Le président ukrainien Volodymyr Zelensky ne participera pas à la Conférence sur la reconstruction de l’Ukraine 2026 qui s’ouvre jeudi à Gdansk, ont annoncé mardi 23 juin les autorités ukrainiennes. La première ministre Ioulia Svyrydenko dirigera la délégation de Kiev.
« Je vais diriger la délégation ukrainienne et l’ensemble de notre travail à la Conférence sur la reconstruction de l’Ukraine 2026 à Gdansk », a déclaré Ioulia Svyrydenko, confirmant de fait le désistement du chef de l’État. La conférence, précédemment organisée à Rome, Berlin et Lugano, est devenue un rendez-vous international important pour mobiliser les bailleurs de fonds de l’Ukraine.
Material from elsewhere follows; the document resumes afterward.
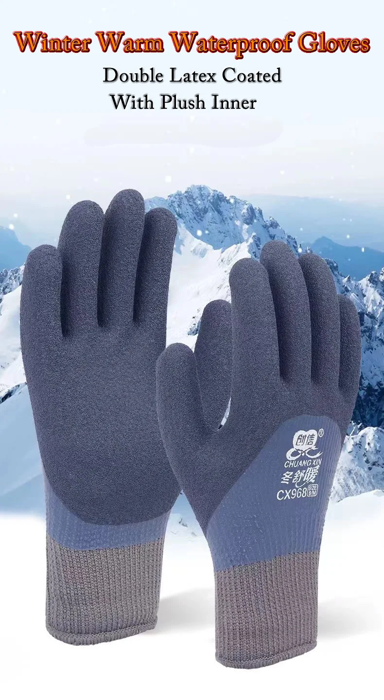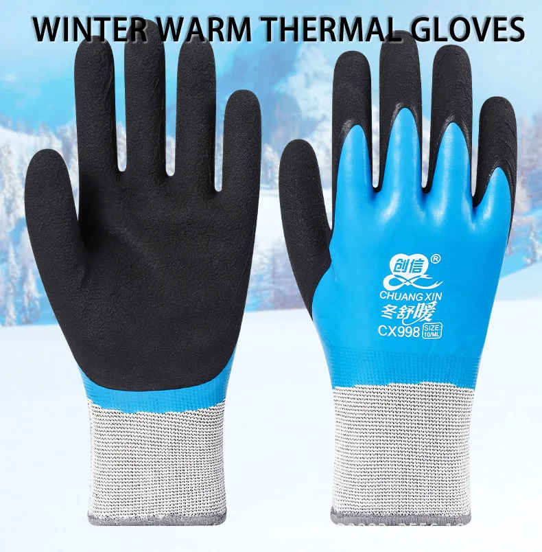 1 paio di guanti termici invernali guanto di sicurezza da lavoro impermeabile impugnatura antiscivolo guanti da giardino in gomma per la protezione delle mani del costruttore lavoratore

Varsovie présentait son rôle d’hôte comme un succès politique et économique, espérant positionner ses entreprises sur la future reconstruction.
Le déclencheur : le baptême d’une unité UPA fin mai
L’absence de Zelensky survient sur fond de vives tensions bilatérales, dont l’origine remonte à la fin du mois de mai 2026 : le président ukrainien a alors baptisé une unité militaire du nom de l’Armée insurrectionnelle ukrainienne (UPA), une organisation nationaliste fondée en 1942, tenue en Pologne pour responsable de la mort de plus de 100 000 Polonais au cours de la Seconde Guerre mondiale. En Ukraine, cette formation est en revanche surtout glorifiée pour son combat clandestin contre le pouvoir soviétique, ce qui résonne particulièrement pour beaucoup d’Ukrainiens depuis le début de l’invasion russe de 2022.
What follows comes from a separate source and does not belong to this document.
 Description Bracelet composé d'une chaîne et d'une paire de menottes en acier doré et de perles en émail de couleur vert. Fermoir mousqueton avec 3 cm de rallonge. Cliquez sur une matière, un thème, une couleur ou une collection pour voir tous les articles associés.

La semaine dernière, le président nationaliste polonais Karol Nawrocki — qui cohabite avec le gouvernement libéral de Donald Tusk — a annoncé le retrait à Zelensky de la plus haute distinction du pays, l’Ordre de l’Aigle blanc. Zelensky a renvoyé sa décoration ce week-end. Il a été suivi dans cette démarche par trois anciens présidents ukrainiens — Leonid Koutchma, Viktor Iouchtchenko et Petro Porochenko — dans une démonstration d’unité politique rare à Kiev.
« Nous défendons la Pologne, nous défendons l’Europe »
Dans une déclaration dimanche, Volodymyr Zelensky a remercié le peuple polonais pour le soutien apporté à l’Ukraine depuis le début de la guerre, tout en accusant des responsables politiques polonais de chercher à engranger des « points politiques » et d’alimenter un climat anti-ukrainien. « Nous défendons la Pologne, nous défendons l’Europe en ce moment, pas l’inverse. Nos soldats la défendent, et des Ukrainiens meurent », a-t-il plaidé, ajoutant que des combattants lui avaient demandé ce nom et qu’il avait déjà signé « des centaines » de décrets similaires.
Varsovie a été l’un des principaux soutiens de Kiev depuis 2022, servant de terre d’accueil pour des centaines de milliers de réfugiés ukrainiens et de plateforme logistique majeure pour l’aide occidentale.
Bruxelles et Varsovie appellent à la désescalade
La Commission européenne a réagi mardi par la voix de sa porte-parole Paula Pinho, estimant que cette situation « ne fait qu’un heureux, c’est l’agresseur de l’Ukraine, nous ne devrions donc pas lui faciliter la tâche ». « Nous avons confiance dans les discussions en cours entre la Pologne et l’Ukraine et nous sommes convaincus qu’une solution sera trouvée », a-t-elle ajouté, soulignant le risque de voir la Russie tirer parti de la fissure.
En Pologne, le premier ministre pro-européen Donald Tusk, ferme soutien de l’Ukraine et en conflit permanent avec le président Nawrocki, a appelé à la « désescalade », tout en faisant porter la responsabilité originelle des tensions sur Kiev. Varsovie cherche parallèlement à renforcer son statut de voisin et allié de Kiev, inquiète d’être marginalisée par les grandes capitales d’Europe occidentale dans d’éventuelles discussions de règlement du conflit.